As raízes francesas da Escadaria Espanhola
Apesar de seu nome, a Escadaria Espanhola tem uma história distintamente francesa. No século XV, o rei Luís XI da França, doente e à procura de uma cura, pediu que São Francisco de Paola, um frade da Calábria, viesse à França para curá-lo.
«Quando chegou... disse ao rei: «O Senhor enviou-me a ti, não para te curar, mas para te preparar para morrer, e eu ajudar-te-ei a morrer como cristão», disse du Hays. O rei passou por uma conversão antes de morrer e instruiu seu filho a construir um convento em Roma para a ordem do frade, a Ordem dos Mínimos.
Esse desejo real levou à fundação do Convento Real Francês em Monte Pincio em 1495. Em 1502, o rei Luís XII começou a construção da igreja Trinità dei Monti.
Após a Revolução Francesa, a Ordem dos Mínimos foi forçada a deixar a igreja romana. Mais tarde, as Irmãs do Sagrado Coração mudaram-se para lá e abriram uma escola que ainda hoje funciona.
As famosas Escadarias Espanholas «foram construídas pela França e foram devolvidas a Roma, a Itália no século XIX», afirmou du Hays.
A escola conventual das irmãs ainda está aberta e inclui jovens estudantes com deficiência entre os seus alunos. «É realmente um local de inclusão», afirmou o reitor.

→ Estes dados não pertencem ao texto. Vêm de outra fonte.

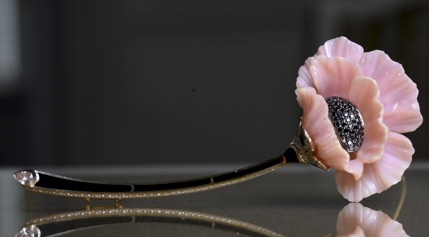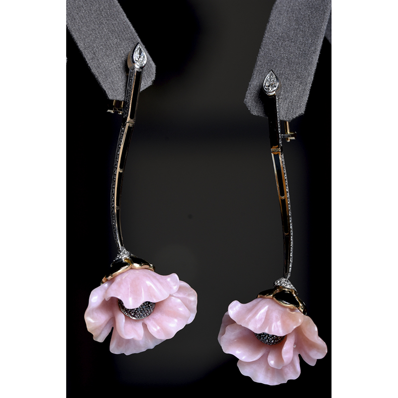 Серьги, брошь «Маки». Золото, черные и белые бриллианты, горячая эмаль, резной розовый опал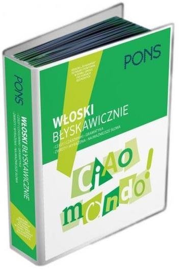 Błyskawicznie włoski - segregator językowy Pakiet językowy PONS to zbiór czterech tablic językowych do nauki włoskiego ,wpiętych w jeden praktyczny segregator, pozwalający na ułożenie treści zgodnie z potrzebami uczących się. Segregator zapewnia szybki dostęp do czterech, najczęściej stosowanych obszarów językowych: (1) objaśnień gramatycznych, wraz z przykładami ich użycia, (2) czasów i czasowników, pozwalających na zrozumienie ich tworzenia oraz listami różnych form czasownikowych, także (3) najpopularniejszych zwrotów językowych oraz (4) ułożonego tematycznie słownictwa z danego języka. Każda tablica ma formę wpinanej harmonijki, tworząca aż 12 stron formatu A5, co pozwala na zawarcie w niej odpowiedniej ilości informacji językowych dla osób uczących się włoskiego.

Como visitar a capela escondida
A capela Mater Admirabilis pode ser visitada entrando no Instituto del Sacro Cuore, alcançado através de uma pequena escadaria à esquerda da entrada da igreja no topo da Escadaria Espanhola.
«A palavra-passe, se quiser entrar no convento, é ir à porta de entrada e dizer: «Quero ir à capela de Mater», e eles deixam-no ir rezar lá», disse du Hays.
«Se quiser visitar o convento, tem de fazer uma visita guiada. Mas se quiser ir rezar na capela, é sempre possível durante o dia.»
Trinità dei Monti está atualmente confiada à Comunidade Emmanuel, um movimento carismático católico que procura evangelizar as multidões de turistas que visitam a Escadaria Espanhola.
Na quinta-feira à noite, os voluntários convidam os turistas a tirar fotos sobre os passos para visitar a igreja Trinita de Monti para a oração, adoração do Santíssimo Sacramento, confissão ou conversa com um padre das 19:15 às 20:15.
«Tentamos fazê-lo o mais frequentemente possível e, se outros missionários quiserem juntar-se a nós numa quinta-feira à noite, são sempre muito bem-vindos», afirmou du Hays.
A missa em língua inglesa é celebrada na igreja no topo da Escadaria Espanhola às terças-feiras às 18h30, com a oportunidade de venerar as relíquias de Santa Teresa. A adoração eucarística é realizada na igreja de segunda a quinta-feira das 17:15 às 18:15, e sábado e domingo das 18:30 às 19:30.